> [TASK DETAILS]:
Exactly the lines from the one containing "Black hooded open" through the end of the data, and nothing more, should be retyped; pictures stay out.

> [INFORMATION SUPPLIED]:
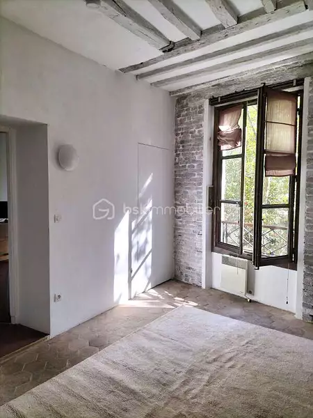 Appartement avec beaucoup de cachet et composé de 2 pièces. Poutres apparentes, briques, tomettes au sol :
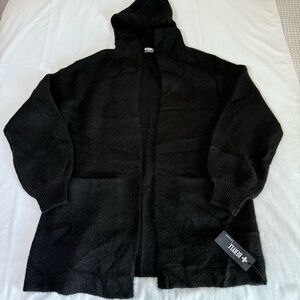 Black hooded open cardigan sweater in excellent condition. Has pockets. New with tags
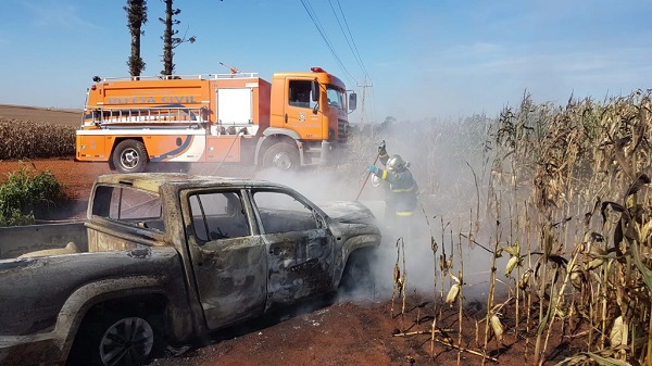 Segundo o proprietário, a caminhonete teve um princípio de incêndio no motor e expandiu rapidamente não havendo tempo de controlar.
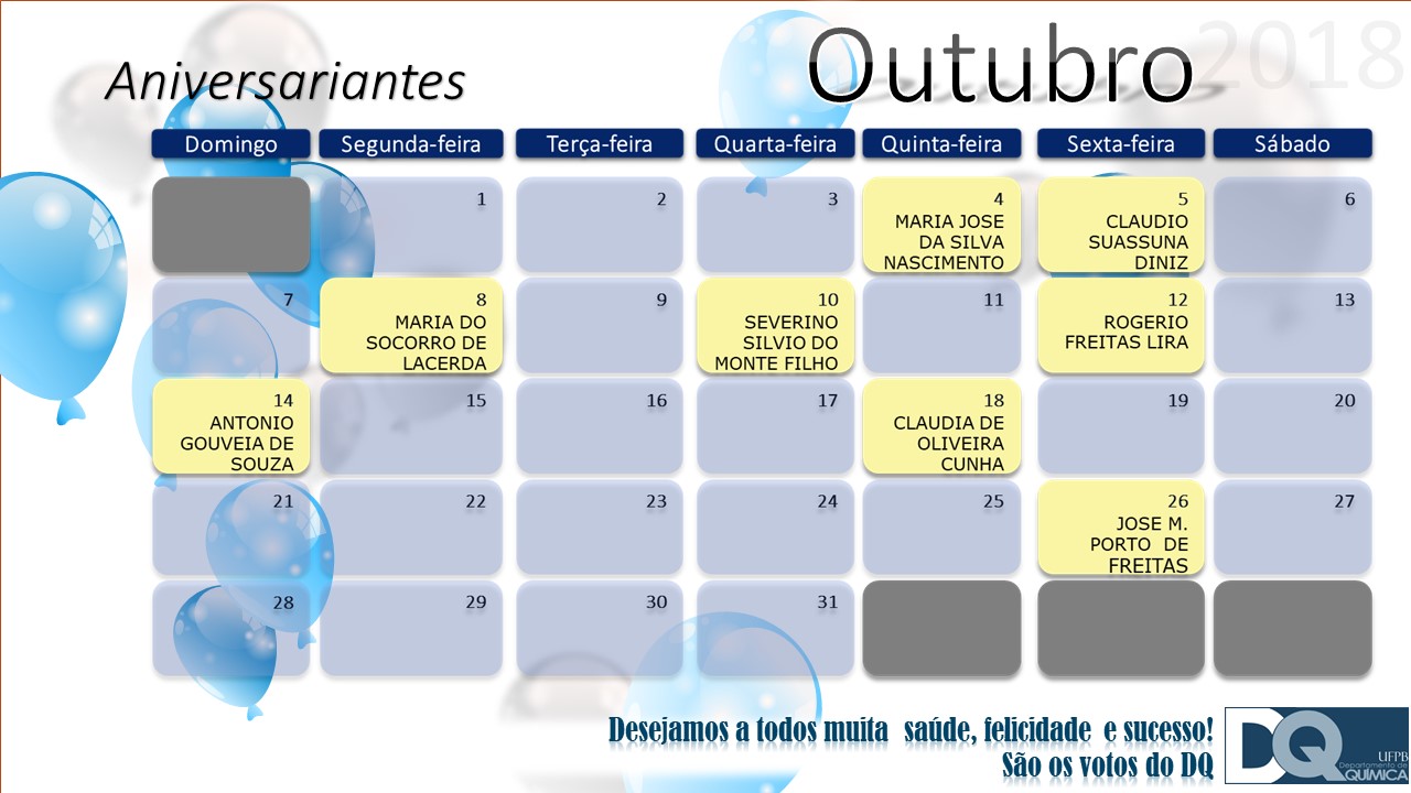O Departamento de Química parabeniza os servidores que comemoram aniversário no mês de outubro.

> [EXERCISE RESPONSE]:
 Black hooded open cardigan sweater in excellent condition. Has pockets. New with tags
 Segundo o proprietário, a caminhonete teve um princípio de incêndio no motor e expandiu rapidamente não havendo tempo de controlar.
O Departamento de Química parabeniza os servidores que comemoram aniversário no mês de outubro.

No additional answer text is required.